Sudan bir yazı için kalem oynatmak içimden gelmedi. Kupkuru bir yazı da, susuzluktan içi kurumuş okuyucuya yazık ederdi doğrusu. Sululuk ise o kadar çok ki ortalıkta, her yeri sular seller götürüyor. Ayrıca bu da pek benim işim sayılmaz.
Neden su gibi, bir su yazısı yazılmasın ki? Soruldu ya bi kere. Su küçüğün diye, söz bana düştü yani. Yine de bu yazıyı yazıncaya kadar su kestim. Yazı ve su ilişkisini sulandırmadan anlatacağım diye su içinde kaldım.
Çizim benim için, susuz kalmış yüreğime saplanıp çıkan bir sancı ise, yazım geldi mi gitmek bilmeyen bir karın ağrısıdır. Yine de yazı çizi birlikteliği su götürmezdir. Aralarından su sızmaz.
Sular bulanmayınca durulmaz derler, ama saman altından su yürütenler de çizgi karşısında sudan çıkmış balığa dönerler doğrusu. Karikatürü çizilenlerin başlarından aşağı kaynar sular dökülmüş gibi olur, olur mu, olur... O çizimi izleyenlerin ise içlerine serin sular serpilir. Bu konuda da doğrusu, kimse öyle bir çizimin eline su dökemez.
Aslında sular baştan bulanır, o nedenle değirmenin suyunun nereden geldiğine bakıp, suyu baştan tutmakta her zaman yarar vardır.
Çizgilere bakarken onun suyuna gitmek, ama su koy vermemek gerekir. Su katılmamış gerçeği yakalamak istiyorsanız eğer, suyu görmeden paçaları sıvamamalısınız, yoksa beklentiniz suya düşer ve elinizde suyunun suyu kalır.
Suya sabuna dokunmayan, havadan sudan söz eden bir çizim, sade suya tirit gibi bir şey olur. Çok vardır böylesi. Ammaa, ille de bir konunun suyunu çıkarmaya da hiç mi hiç gerek yoktur. Çünkü suyu çıkmış bir konuya takılı kalmak, havanda su dövmekle eş anlamlıdır.

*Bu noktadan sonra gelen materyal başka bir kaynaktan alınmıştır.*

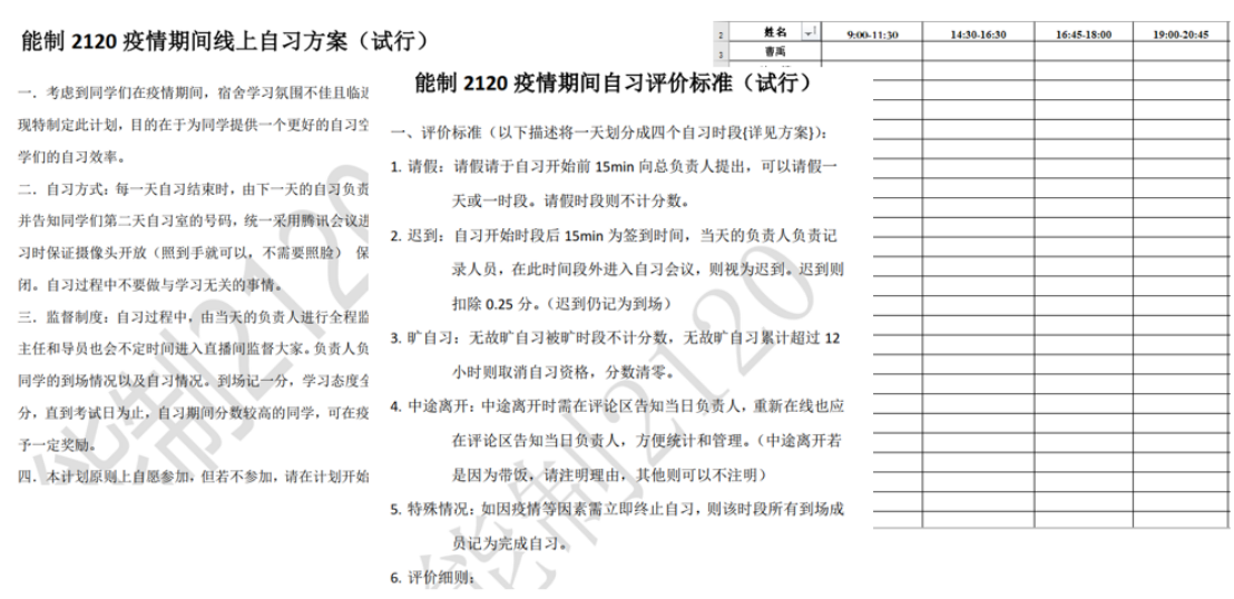 在班长宋航、学习委员刘智超等班委的快速组织下,《能制2120班线上自习方案》、《能制2120班线上自习活动评价标准》以及《能制2120班线上自习签到表》等制度文件于1月2日出台,能制2120班“线上自习室”也于1月3日正式营业。
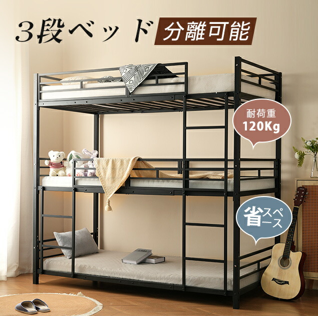 【1年保証/送料無料】三段ベッド 分離可能 シングルベッドと2段ベッドに分離可能 ホワイト ブラック 2色選択
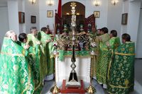За торжественным богослужением был совершен молебен преподобному Ираклию. В этот день, во время Божественной литургии и до конца службы для особого поклонения была открыта дверца раки с мощами небесного покровителя земли Кыргызстанской.
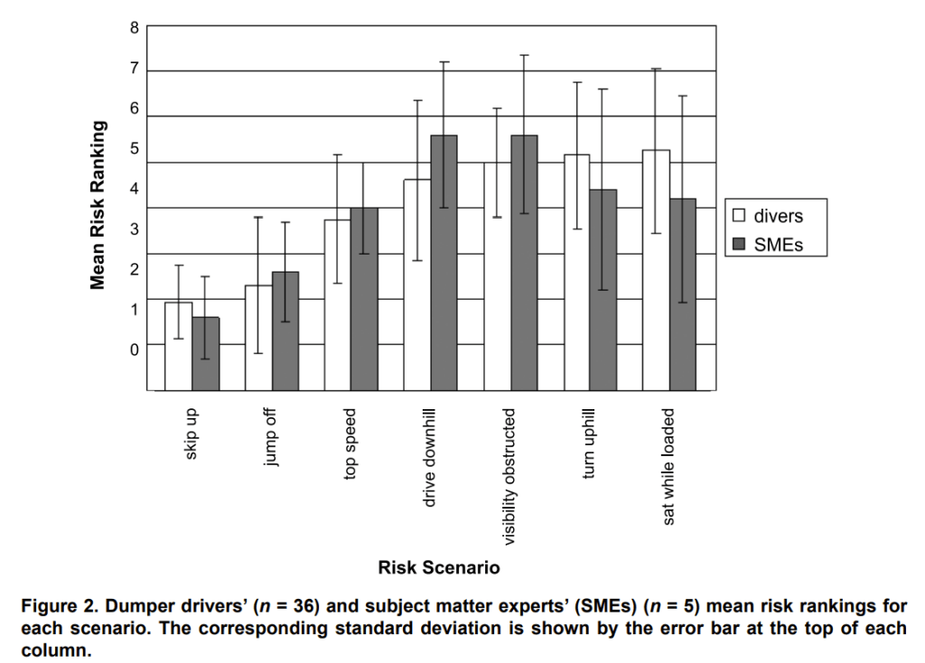 This studied perceptions of risk & links to behaviour of UK construction site dumpers and Subject Matter Experts (SMEs). 40 construction site dumper drivers and 7 SMEs ranked their perceived risk of various scenarios encountered during dumper operation.

Öte yandan sudan bir çizimi sulandırmaya kalkışmak ise pişmiş aşa su katmak değil de nedir? Ha suya çizgi çizmişsiniz, ha sudan nedenlerle bir başkası, sonuç sudan ucuz olacaktır.
Su testisi su yolunda kırılır diye, suyu getireni de testiyi kıranı da bir saymaya kalkışmanın, işe yarar bir düşünce olduğu su götürür. Suları tersine akıtmak olanaksızdır çünkü.
Öte yandan karikatürünüz çizildi diye, kimse sizi bir kaşık suda boğmaya çalışmıyordur, ürkmeyin, kızmayın, onun için bir bardak suda fırtına koparmanıza ne gerek var ki. Yok, bir karış suda boğulmaktan bu kadar korkuyorsanız, siz de o zaman denize filân girmeseydiniz.
Yine de içiniz rahat etsin diye söylüyorum, su uyur düşman uyumaz özdeyişini su gibi ezberleyin ve su gibi yineleyin kendi kendinize. Unutmayın ki, su içene yılan bile dokunmuyor.
Ama ne çizimler de vardır ki, sizi suya götürür de susuz getirir. Yine de bu durum, eşek sudan gelinceye kadar önüne geleni bi güzel ıslatmaya değmez.
Akan su kir tutmaz. İyi de sular kesildiğinde ilk gelen suya ne demeli? "Bana bir yudum su ver, çok uzak yoldan geldim" diye marşlar söylenirdi ya bir zamanlar, o günlerden bu yana köprünün altından çok sular aktı. Elini sıcak sudan çıkarıp soğuk suya sokmayanlar çoğaldı.
Pınardan çeşmeye sonra musluğa derken pet şişelere gelindi. Sonra sular bitti şişeler kaldı. Onları da suya attılar gitti. Su içinde kalsanız da terden, taşıma suyla bu değirmeni döndürmek zorundasınız artık.
Su akar deli bakar, denilen güzel günler uzaklarda kaldı. İnsanlar akıllandı, sular akmaz oldu.
Neden su gibi akan bir su yazısı yazılmasın ki? İşte yazıldı bile…
Bunca sudan demeç ve gözyaşı ile ıslatılmış bir çevrede, size de sudan bir yazı okuttum ya…
Okumayı bitirdiyseniz, yazarına da ağıza alınmadık bir şey söylediyseniz, ağız boşluğunu çalkalamak için üstüne bir bardak soğuk su için, afiyet olsun!..
Su gibi aziz olun. Su getirenleriniz çok olsun.